Claude’s mother, Catherine Pozzi, had lived there with her lover Paul Valéry before the war. Claude, who had been active in the French resistance, had hidden in an outbuilding.

“That is where I shall stay,” Ida said as they examined his small self-contained unit.

Virginia stared at her. “Do you plan to live here with us should your father decide to buy Les Collines?” she asked.

Ida laughed. “Of course not. Don’t I have my house on the Quai de l’Horloge? But just as my father has an apartment there, I will have rooms here. I will visit, perhaps on weekends, perhaps on holidays. Do you object to that, Virginia?”

“Of course she doesn’t.” It was Marc who replied.

Virginia turned and went into the garden.

Marc roamed the house and lingered for more than an hour in the large room that Ida suggested could be converted into an ideal studio. Its huge window overlooked the swaying fronds of stately date palms. The fragrance of orange blossoms from the grove below permeated the air. Through the branches of the trees, the Mediterranean and the ancient walls of Vence were visible.

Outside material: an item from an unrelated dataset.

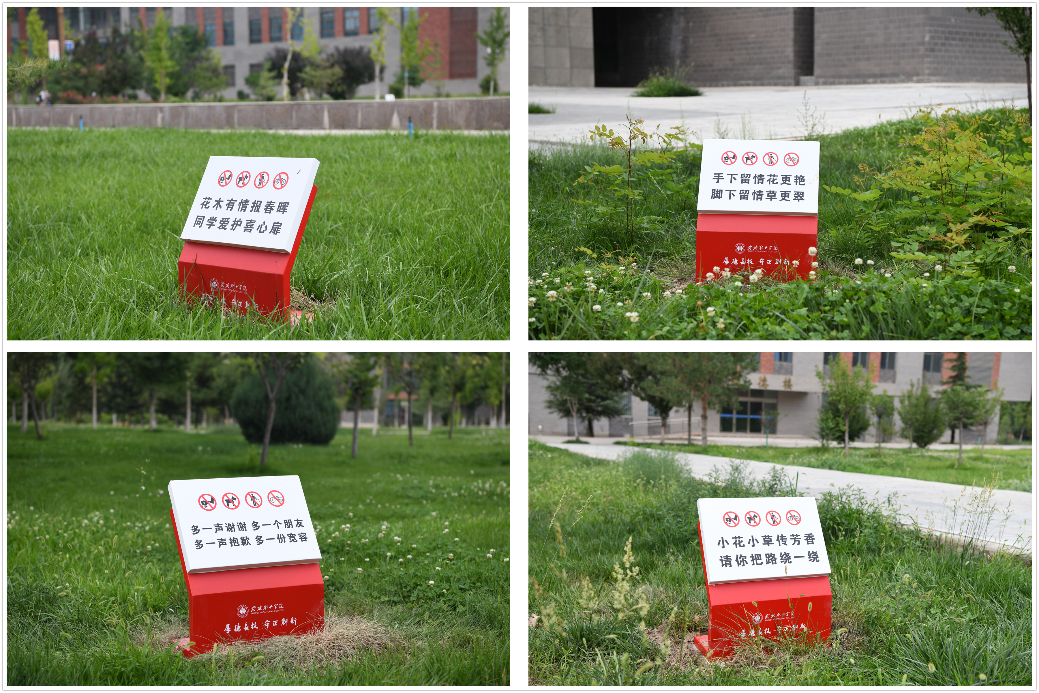 “繞行三五步,留得芳草綠”“要想校園凈又美,健康文明記心里”“手上留情花自香,腳下留情草如茵”。近日,在校園主干道周邊、草坪附近,這樣的文明言行提示語(yǔ)隨處可見。這是學(xué)校為不斷優(yōu)化校園環(huán)境,提升師生日常文明素養(yǎng),推動(dòng)文明校園建設(shè)的重要舉措,安裝完成后得到了廣大師生的高度贊賞。

“I could paint wonderful landscapes, never moving from this window,” he murmured.

Ida smiled triumphantly.

They went outside and walked around, pausing at the rear of the property where the two majestic crags, Baou des Blancs and Baou des Noirs, stood vigil. Marc paced the property.

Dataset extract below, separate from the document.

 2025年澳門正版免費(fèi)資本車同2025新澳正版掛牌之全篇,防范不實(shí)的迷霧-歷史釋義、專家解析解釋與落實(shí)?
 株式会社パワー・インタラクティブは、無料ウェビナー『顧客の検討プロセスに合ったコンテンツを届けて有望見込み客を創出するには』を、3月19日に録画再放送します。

“I think that it is as large as Matisse’s home in Cimiez and perhaps even larger than the Spaniard’s house in Vallauris,” he said and smiled complacently at the thought that he would live on a grander scale than his fellow artists.

“And is that important?” Virginia asked irritably.

“Of course it is important that Chagall live as well Matisse and Picasso,” he replied. “It is decided. Chagall will buy this house.”

“Do you like this haunted house, Mama?” David asked Virginia as they left.

“What I like is of no importance,” she replied. “It has been ordained that we live here.”

* * *

Ida returned to Paris and arranged for the sale, bargaining good-naturedly with Claude Bourdet until her price was agreed upon. Within months, the decrepit house was beautifully renovated. Its facade was painted a gleaming white, and bright green shutters framed the windows. She divided Bella’s tables and sofas, her desks and tables rescued from storage, between her house on Quai de l’Horloge and Les Collines.

“You see,
Mamochka
lives on in both our homes,” she told Marc as she arranged Bella’s bibelots on a small end table, sweeping aside the framed photograph of David that Virginia had placed there.

Virginia smiled grimly. She waited until Ida left and then replaced the photograph.

Ida occasionally drove to Cimiez to visit Matisse. Matisse had sketched her when she was a small girl; he sketched her again during those lazy afternoons in Cimiez.

“I want to capture you as the woman you have become. I knew when you were a child that you would be beautiful,” he told her, “but I never realized how beautiful.”